Exercise aim:
Copy out each entry below verbatim, skipping the images.
▬▬▬▬▬▬
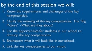 This document discusses key competencies from the New Zealand curriculum. It will:
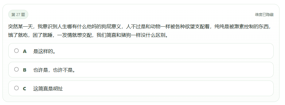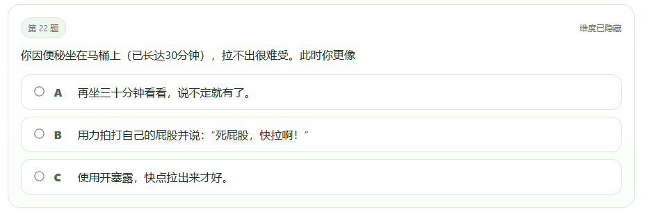 “你因便秘坐在马桶上(已长达30分钟),拉不出很难受。此时你更像?”甚至还有“我们简直和猪狗一样没什么区别”这种灵魂暴击。这些题目既不测性格,也不分析行为,更像是网络热梗随手抓来凑数的大杂烩。
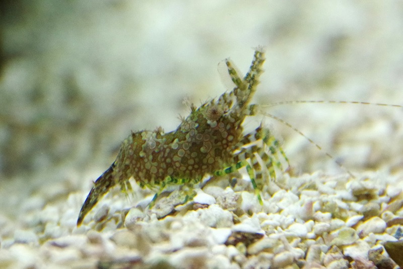 普段はサンゴ岩の陰に隠れているフシウデサンゴモエビ。地味な色合いなので気づく人は少ないようです。部屋を暗くする夜間バージョンの時に出てきますよ。
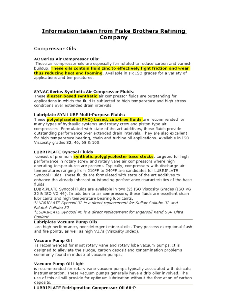 AC Series Air Compressor Oils: These air compressor oils are especially formulated to reduce carbon and varnish buildup. These oils contain fluid zinc to effectively fight friction and wear thus reducing heat and foaming. Available in six ISO grades for a variety of applications and temperatures. SYNAC Series Synthetic Air Compressor Fluids: These diester-based synthetic air compressor fluids are outstanding for applications in which the fluid is subjected to high temperature and high stress conditions over extended drain intervals. Lubriplate SYN LUBE Multi-Purpose Fluids: These polyalphaolefin(PAO) based, zinc-free fluids are recommended for many types of hydraulic systems and rotary crew and piston type air compressors. Formulated with state of the art additives, these fluids provide outstanding performance over extended drain intervals. They are also excellent for high temperature bearing, chain and turbine oil applications. Available in ISO Viscosity grades 32, 46, 68 & 100. LUBRIPLATE Syncool Fluids consist of premium synthetic polyglycolester base stocks, targeted for high performance in rotary screw and rotary vane air compressors where high operating temperatures are present. Typically, compressors with discharge air temperatures ranging from 210F to 240F are candidates for LUBRIPLATE Syncool Fluids. These fluids are formulated with state of the art additives to enhance the already inherent outstanding performance characteristics of the base fluids. LUBRIPLATE Syncool Fluids are available in two (2) ISO Viscosity Grades (ISO VG 32 & ISO VG 46). In addition to air compressors, these fluids are excellent chain lubricants and high temperature bearing lubricants. *LUBRIPLATE Syncool 32 is a direct replacement for Sullair Sullube 32 and Palatek Pallube 32 *LUBRIPLATE Syncool 46 is a direct replacement for Ingersoll Rand SSR Ultra Coolant Lubriplate Vacuum Pump Oils are high performance, non-detergent mineral oils. They possess exceptional flash and fire points, as well as high V.I.'s (Viscosity Index). Vacuum Pump Oil is recommended for most rotary vane and rotary lobe vacuum pumps. It is designed to alleviate the sludge, carbon deposit and contamination problems commonly found in industrial vacuum pumps. Vacuum Pump Oil Light is recommended for rotary vane vacuum pumps typically associated with delicate instrumentation. These vacuum pumps generally have a drip oiler involved. The use of this oil will provide for optimum lubrication without the formation of carbon deposits. LUBRIPLATE Refrigeration Compressor Oil 68-P
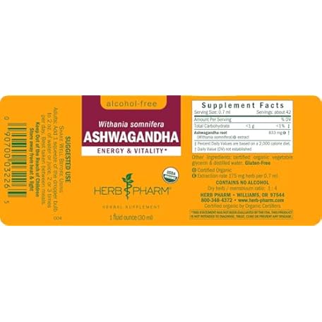 Thông tin sản phẩm Herb Pharm Organic Ashwagandha Liquid Extract, Alcohol-Free: Mood Support Supplement, Vegan Ashwagandha Root Glycerite, Tasty Non-Bitter Adaptogen Extract for Adults, Non-GMO, 1 Oz
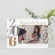 Cartões de Natal personalizados e acessíveis com um modelo simples para personalização. Anuncie o seu noivado na temporada de festas com este cartão de foto de Ano Novo moderno e minimalista. O design apresenta uma tipografia grande com a data do novo ano e o título "Tocando o Ano Novo" em cores mauve, cinza e dourado suaves. Personalize com sua foto e texto personalizado. Use as ferramentas de design para escolher qualquer fonte e cor, adicione mais fotos e crie um ímã de foto de Ano Novo único e exclusivo.
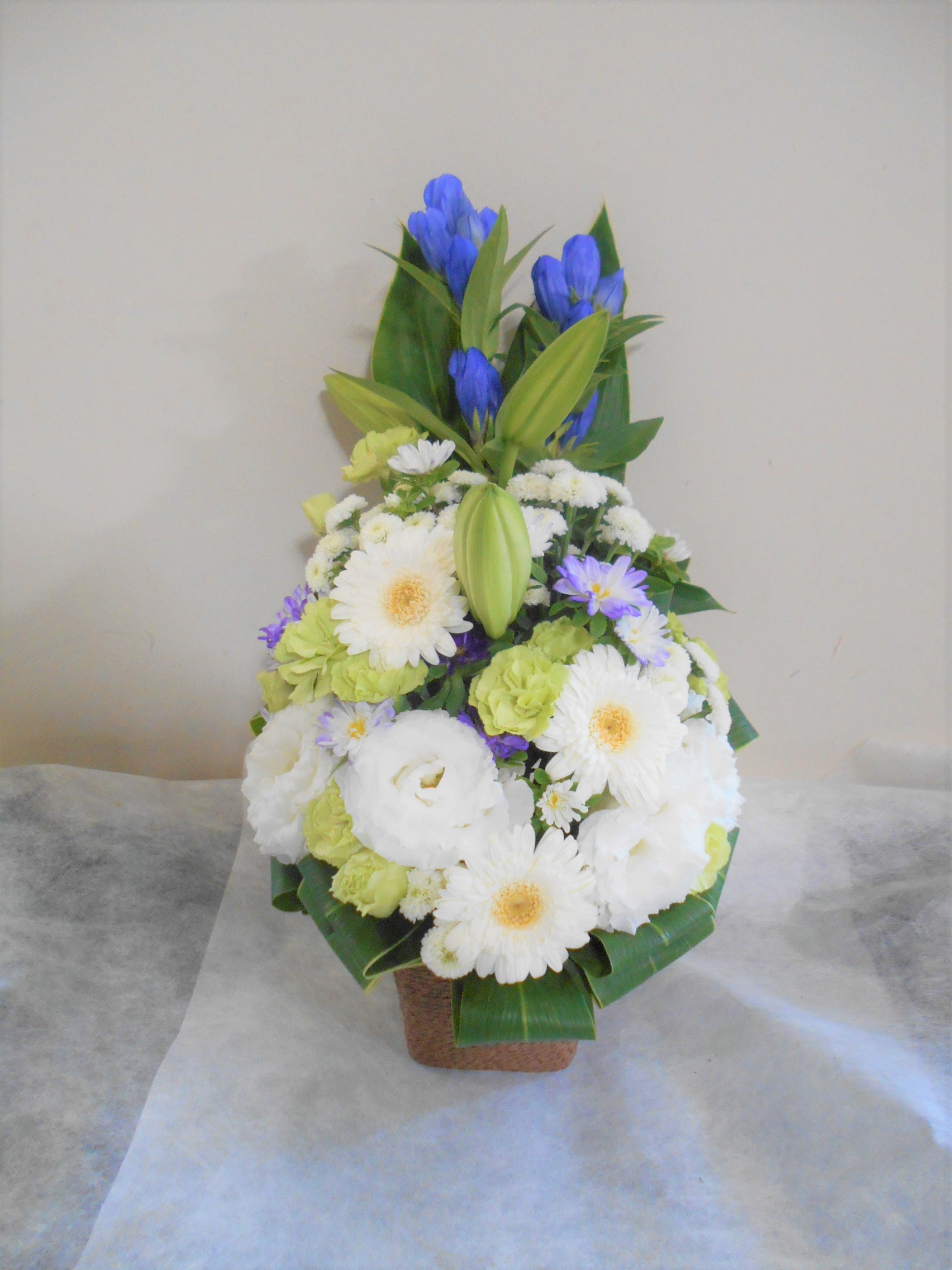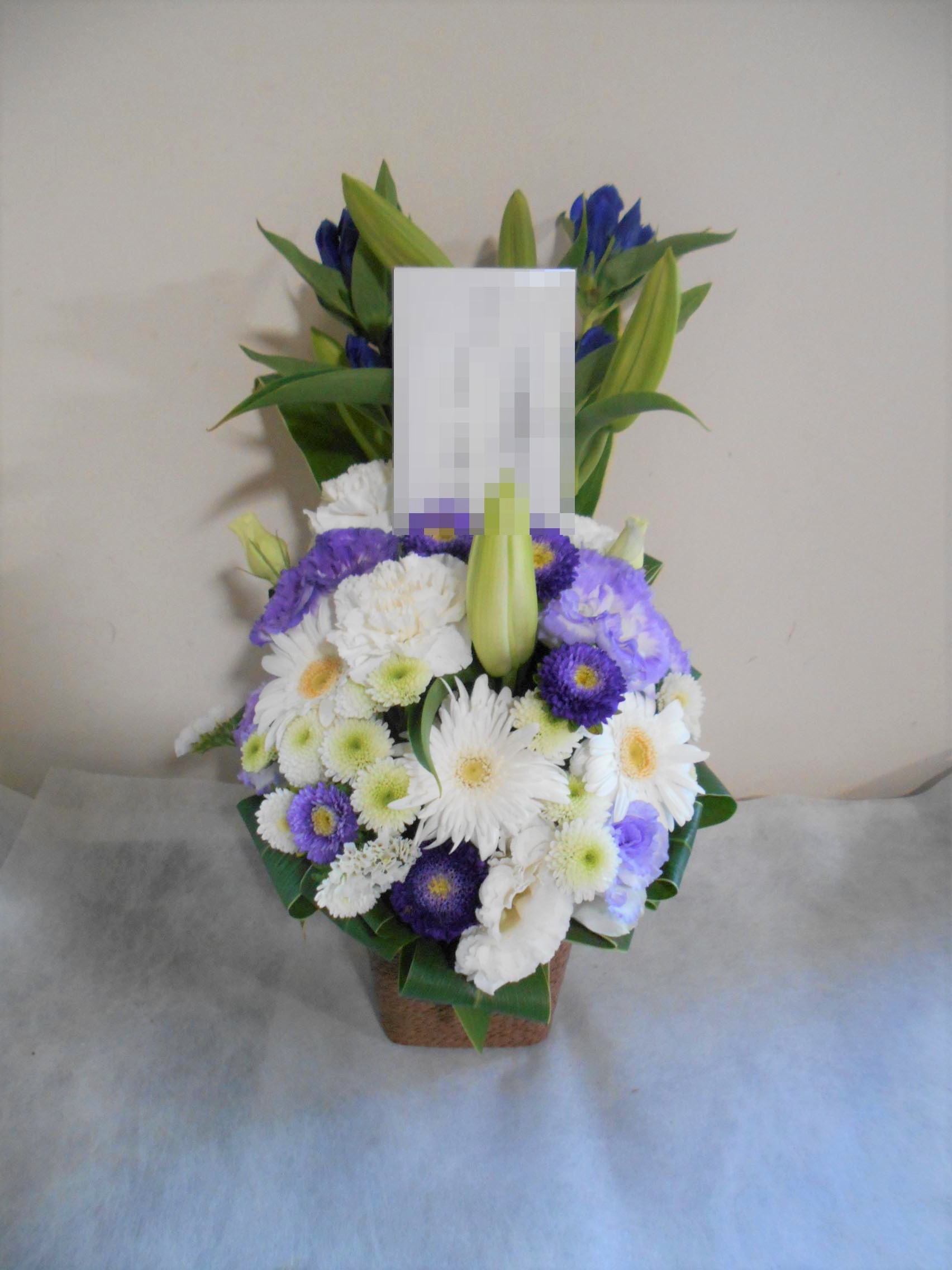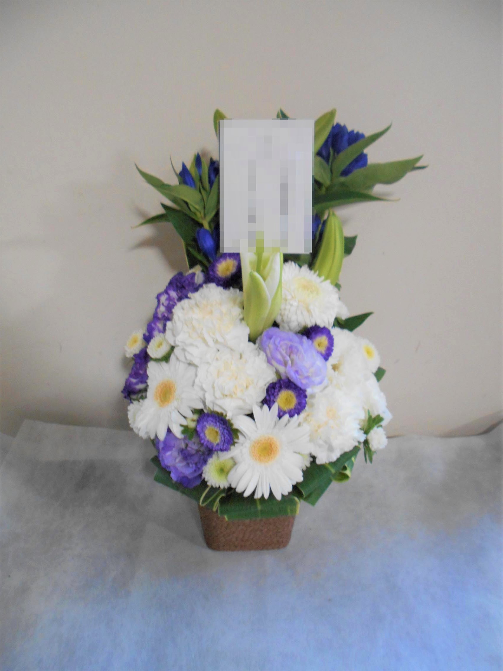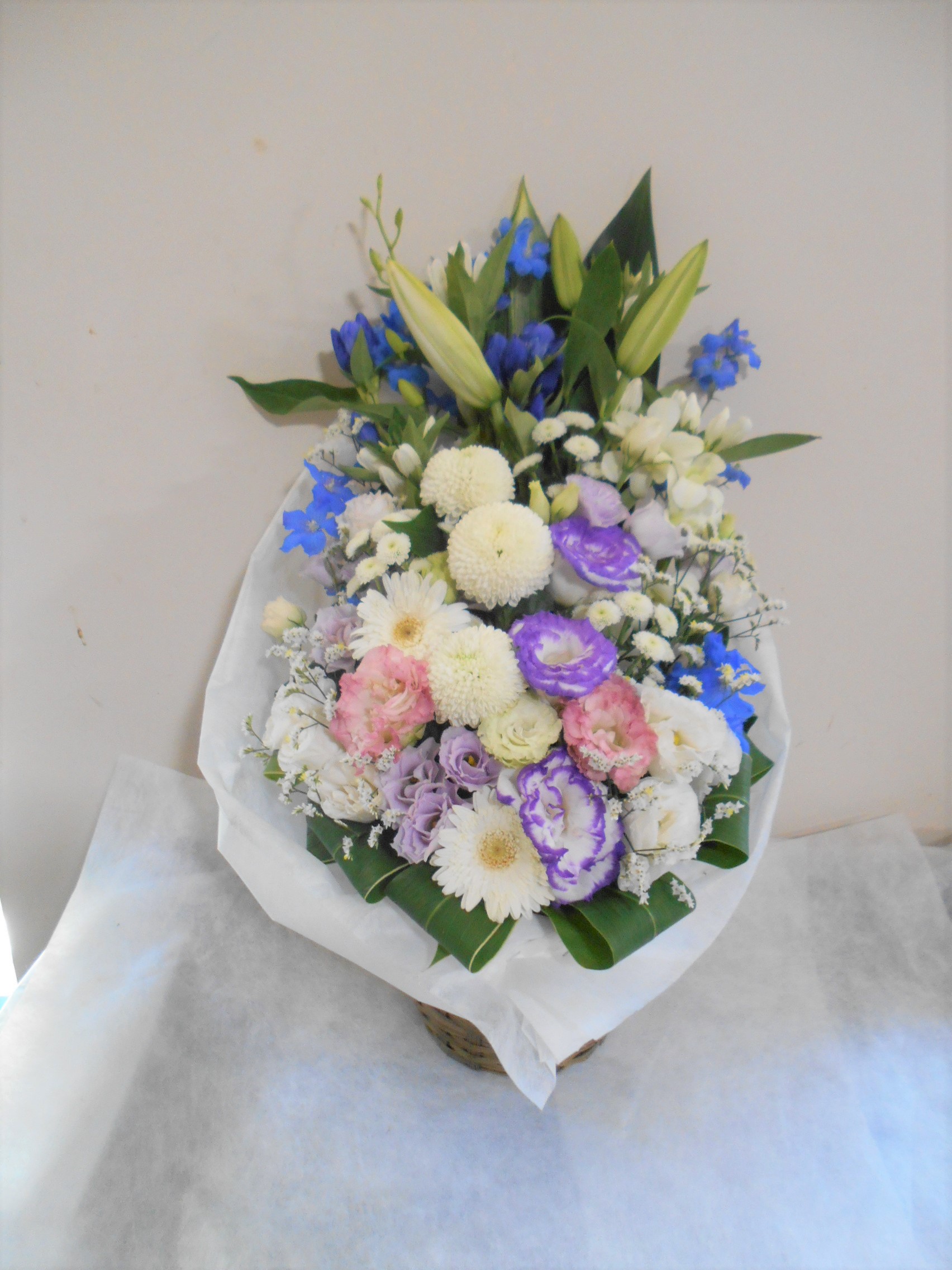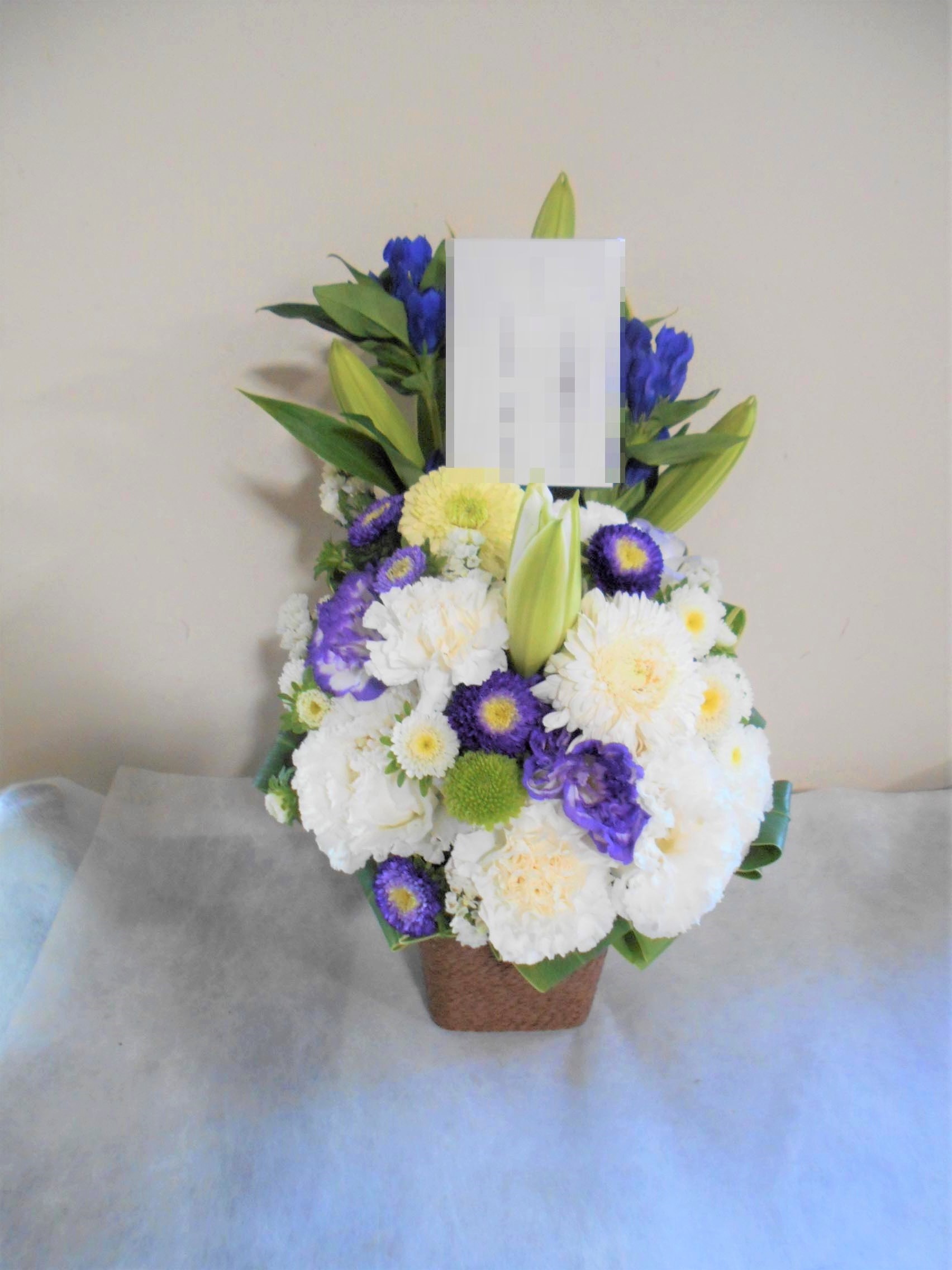 お悔やみ お供えの花 供花 (ホワイト&青・紫系カラーのお花でまとめたバスケットアレンジ)
▬▬▬▬▬▬
Worked solution:
 This document discusses key competencies from the New Zealand curriculum. It will:
 “你因便秘坐在马桶上(已长达30分钟),拉不出很难受。此时你更像?”甚至还有“我们简直和猪狗一样没什么区别”这种灵魂暴击。这些题目既不测性格,也不分析行为,更像是网络热梗随手抓来凑数的大杂烩。
 普段はサンゴ岩の陰に隠れているフシウデサンゴモエビ。地味な色合いなので気づく人は少ないようです。部屋を暗くする夜間バージョンの時に出てきますよ。
 AC Series Air Compressor Oils: These air compressor oils are especially formulated to reduce carbon and varnish buildup. These oils contain fluid zinc to effectively fight friction and wear thus reducing heat and foaming. Available in six ISO grades for a variety of applications and temperatures. SYNAC Series Synthetic Air Compressor Fluids: These diester-based synthetic air compressor fluids are outstanding for applications in which the fluid is subjected to high temperature and high stress conditions over extended drain intervals. Lubriplate SYN LUBE Multi-Purpose Fluids: These polyalphaolefin(PAO) based, zinc-free fluids are recommended for many types of hydraulic systems and rotary crew and piston type air compressors. Formulated with state of the art additives, these fluids provide outstanding performance over extended drain intervals. They are also excellent for high temperature bearing, chain and turbine oil applications. Available in ISO Viscosity grades 32, 46, 68 & 100. LUBRIPLATE Syncool Fluids consist of premium synthetic polyglycolester base stocks, targeted for high performance in rotary screw and rotary vane air compressors where high operating temperatures are present. Typically, compressors with discharge air temperatures ranging from 210F to 240F are candidates for LUBRIPLATE Syncool Fluids. These fluids are formulated with state of the art additives to enhance the already inherent outstanding performance characteristics of the base fluids. LUBRIPLATE Syncool Fluids are available in two (2) ISO Viscosity Grades (ISO VG 32 & ISO VG 46). In addition to air compressors, these fluids are excellent chain lubricants and high temperature bearing lubricants. *LUBRIPLATE Syncool 32 is a direct replacement for Sullair Sullube 32 and Palatek Pallube 32 *LUBRIPLATE Syncool 46 is a direct replacement for Ingersoll Rand SSR Ultra Coolant Lubriplate Vacuum Pump Oils are high performance, non-detergent mineral oils. They possess exceptional flash and fire points, as well as high V.I.'s (Viscosity Index). Vacuum Pump Oil is recommended for most rotary vane and rotary lobe vacuum pumps. It is designed to alleviate the sludge, carbon deposit and contamination problems commonly found in industrial vacuum pumps. Vacuum Pump Oil Light is recommended for rotary vane vacuum pumps typically associated with delicate instrumentation. These vacuum pumps generally have a drip oiler involved. The use of this oil will provide for optimum lubrication without the formation of carbon deposits. LUBRIPLATE Refrigeration Compressor Oil 68-P
 Thông tin sản phẩm Herb Pharm Organic Ashwagandha Liquid Extract, Alcohol-Free: Mood Support Supplement, Vegan Ashwagandha Root Glycerite, Tasty Non-Bitter Adaptogen Extract for Adults, Non-GMO, 1 Oz
 Cartões de Natal personalizados e acessíveis com um modelo simples para personalização. Anuncie o seu noivado na temporada de festas com este cartão de foto de Ano Novo moderno e minimalista. O design apresenta uma tipografia grande com a data do novo ano e o título "Tocando o Ano Novo" em cores mauve, cinza e dourado suaves. Personalize com sua foto e texto personalizado. Use as ferramentas de design para escolher qualquer fonte e cor, adicione mais fotos e crie um ímã de foto de Ano Novo único e exclusivo.
 お悔やみ お供えの花 供花 (ホワイト&青・紫系カラーのお花でまとめたバスケットアレンジ)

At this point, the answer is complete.